- **Work task**
Write out exactly the lines below starting at the one containing "Свежий хлеб, куриные" and ending at the one containing "The trigger for". Omit every picture.

-- Opening Marker --

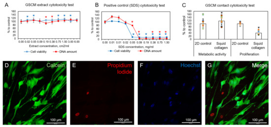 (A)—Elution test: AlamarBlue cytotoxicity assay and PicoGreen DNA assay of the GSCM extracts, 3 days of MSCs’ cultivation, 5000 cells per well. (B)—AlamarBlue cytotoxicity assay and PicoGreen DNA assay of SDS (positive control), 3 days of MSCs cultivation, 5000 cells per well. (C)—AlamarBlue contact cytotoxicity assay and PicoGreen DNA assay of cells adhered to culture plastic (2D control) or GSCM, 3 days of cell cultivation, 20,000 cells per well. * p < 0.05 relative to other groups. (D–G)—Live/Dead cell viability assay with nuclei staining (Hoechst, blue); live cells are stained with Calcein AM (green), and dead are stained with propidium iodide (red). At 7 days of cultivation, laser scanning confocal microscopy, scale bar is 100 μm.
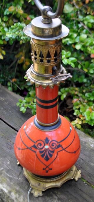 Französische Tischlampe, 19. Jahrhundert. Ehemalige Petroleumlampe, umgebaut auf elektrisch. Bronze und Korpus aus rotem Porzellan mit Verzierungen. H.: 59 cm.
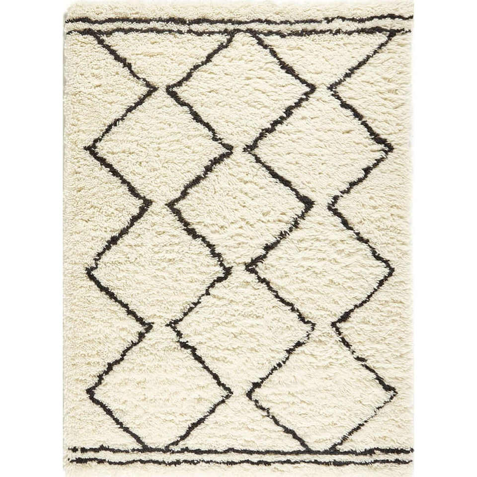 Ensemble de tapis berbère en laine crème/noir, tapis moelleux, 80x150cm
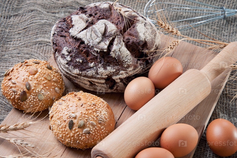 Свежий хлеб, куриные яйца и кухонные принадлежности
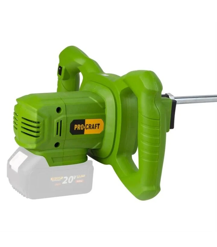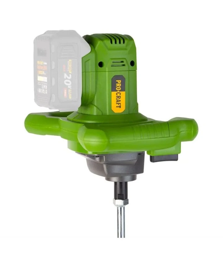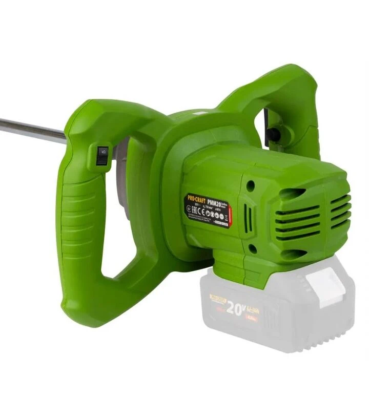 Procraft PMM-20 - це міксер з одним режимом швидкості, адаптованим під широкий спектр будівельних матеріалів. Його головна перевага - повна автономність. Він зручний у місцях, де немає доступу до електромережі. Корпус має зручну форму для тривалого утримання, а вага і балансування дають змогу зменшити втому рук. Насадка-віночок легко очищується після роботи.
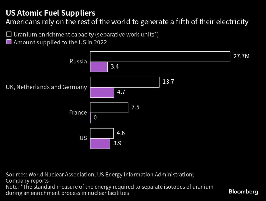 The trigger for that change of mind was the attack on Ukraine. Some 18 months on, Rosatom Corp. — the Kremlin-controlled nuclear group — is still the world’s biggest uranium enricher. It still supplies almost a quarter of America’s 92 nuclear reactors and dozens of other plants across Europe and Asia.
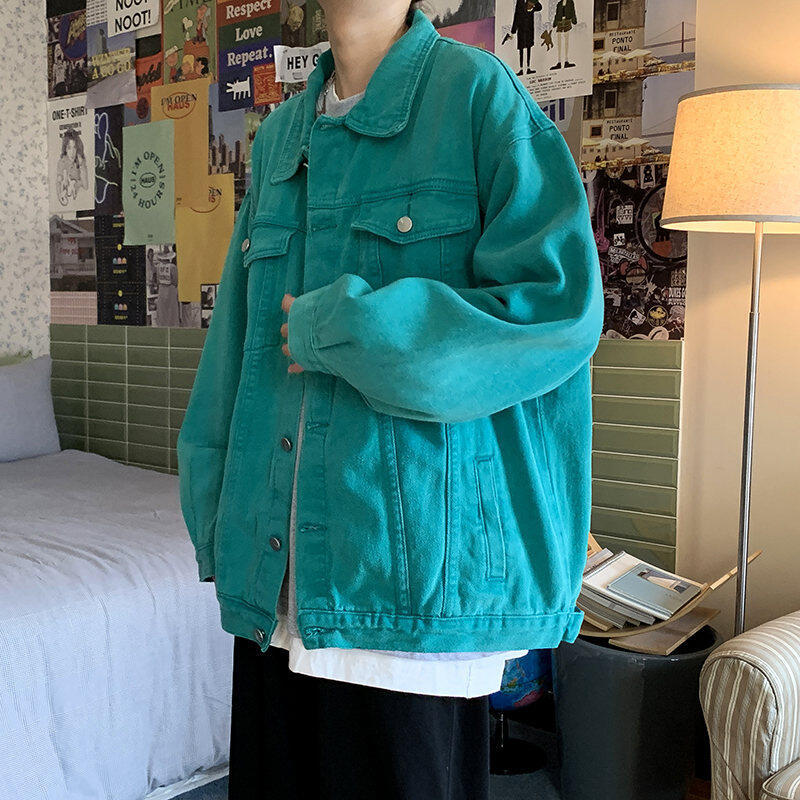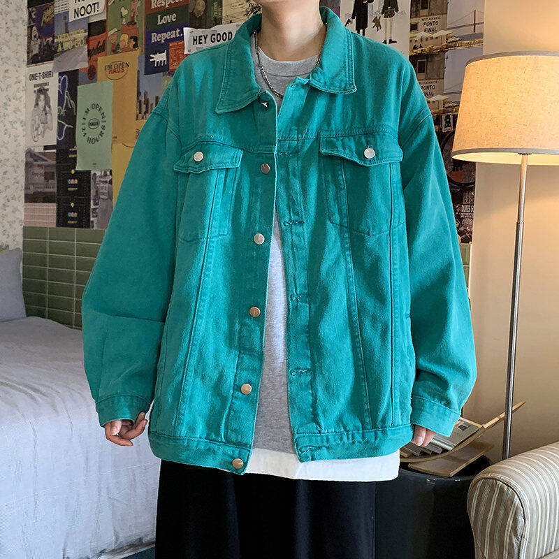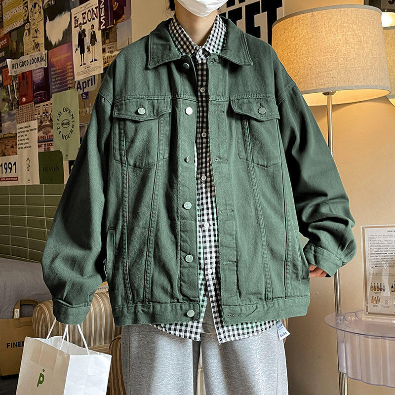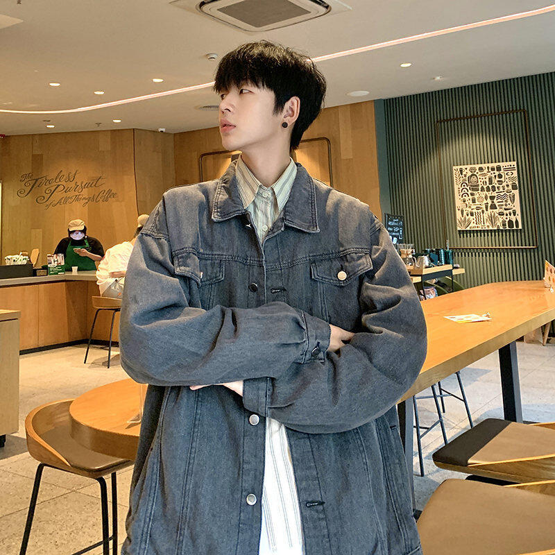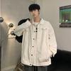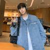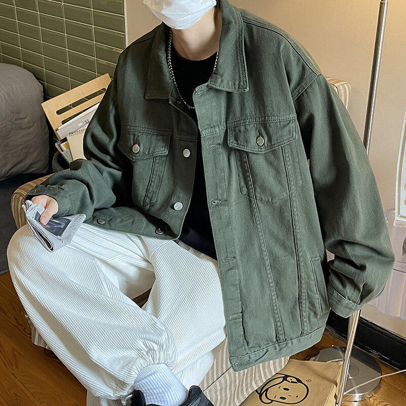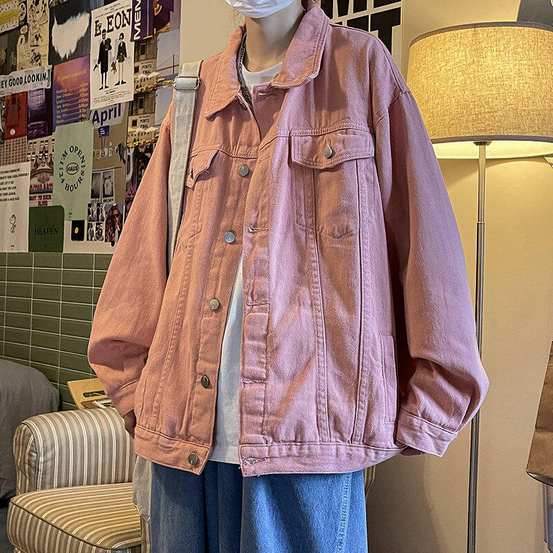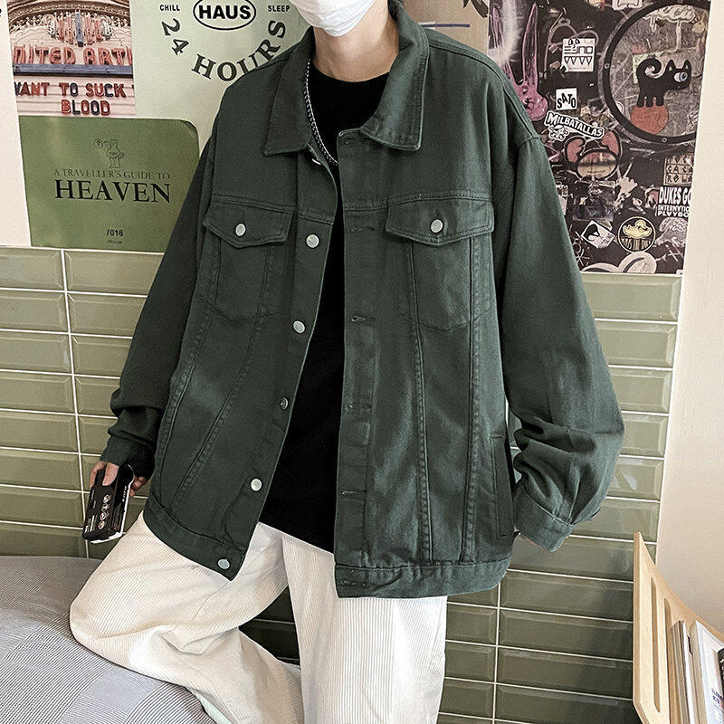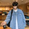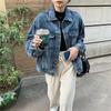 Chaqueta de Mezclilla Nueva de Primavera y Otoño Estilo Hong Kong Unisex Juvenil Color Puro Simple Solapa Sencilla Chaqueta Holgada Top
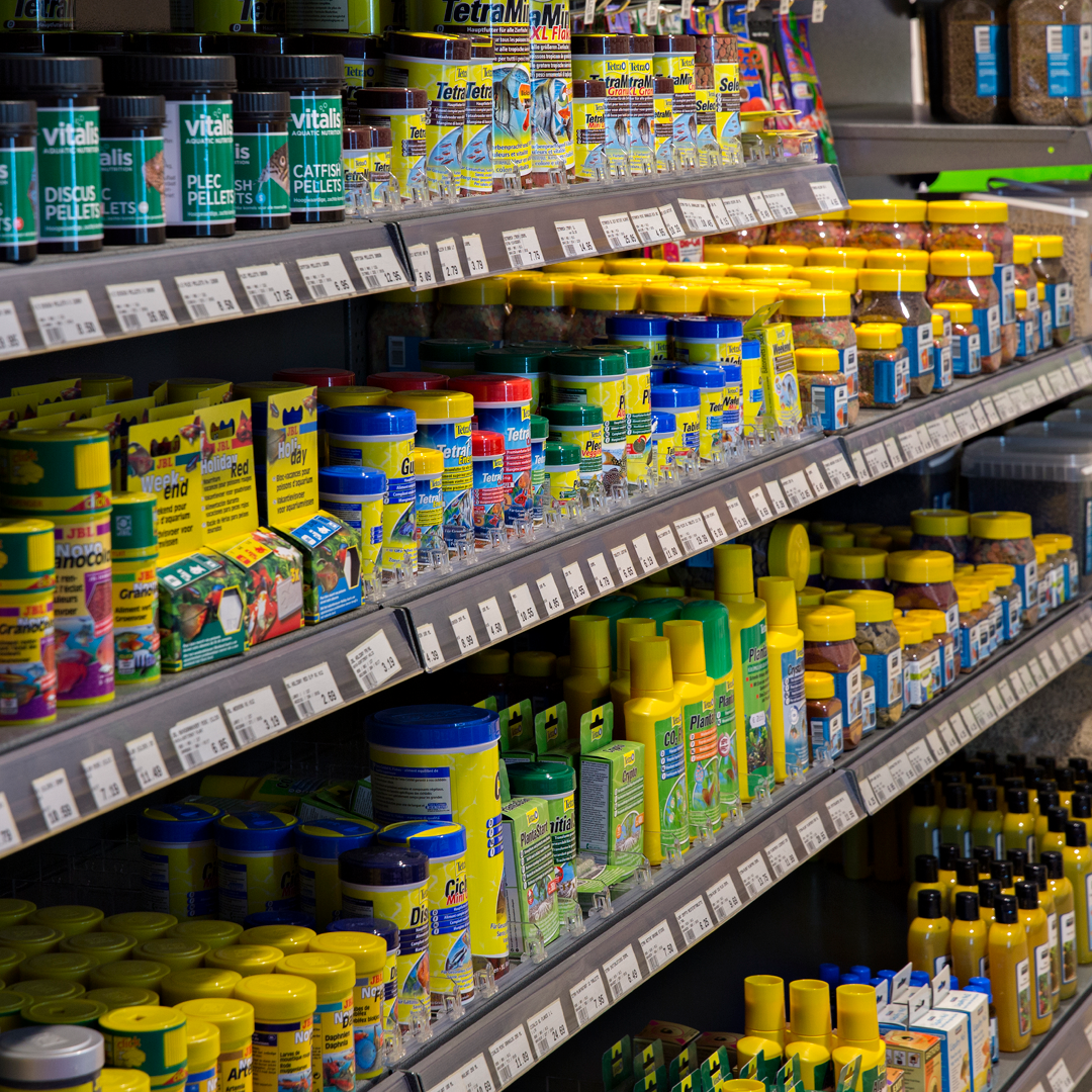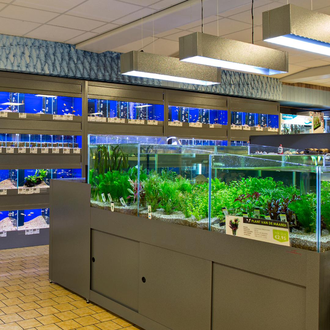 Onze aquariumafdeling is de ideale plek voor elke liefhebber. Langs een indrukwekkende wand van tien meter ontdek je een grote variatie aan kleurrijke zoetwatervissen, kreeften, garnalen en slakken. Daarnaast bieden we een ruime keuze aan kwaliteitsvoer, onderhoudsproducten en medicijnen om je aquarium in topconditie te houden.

-- Closing Marker --

- **Final answer**
 Свежий хлеб, куриные яйца и кухонные принадлежности
 Procraft PMM-20 - це міксер з одним режимом швидкості, адаптованим під широкий спектр будівельних матеріалів. Його головна перевага - повна автономність. Він зручний у місцях, де немає доступу до електромережі. Корпус має зручну форму для тривалого утримання, а вага і балансування дають змогу зменшити втому рук. Насадка-віночок легко очищується після роботи.
 The trigger for that change of mind was the attack on Ukraine. Some 18 months on, Rosatom Corp. — the Kremlin-controlled nuclear group — is still the world’s biggest uranium enricher. It still supplies almost a quarter of America’s 92 nuclear reactors and dozens of other plants across Europe and Asia.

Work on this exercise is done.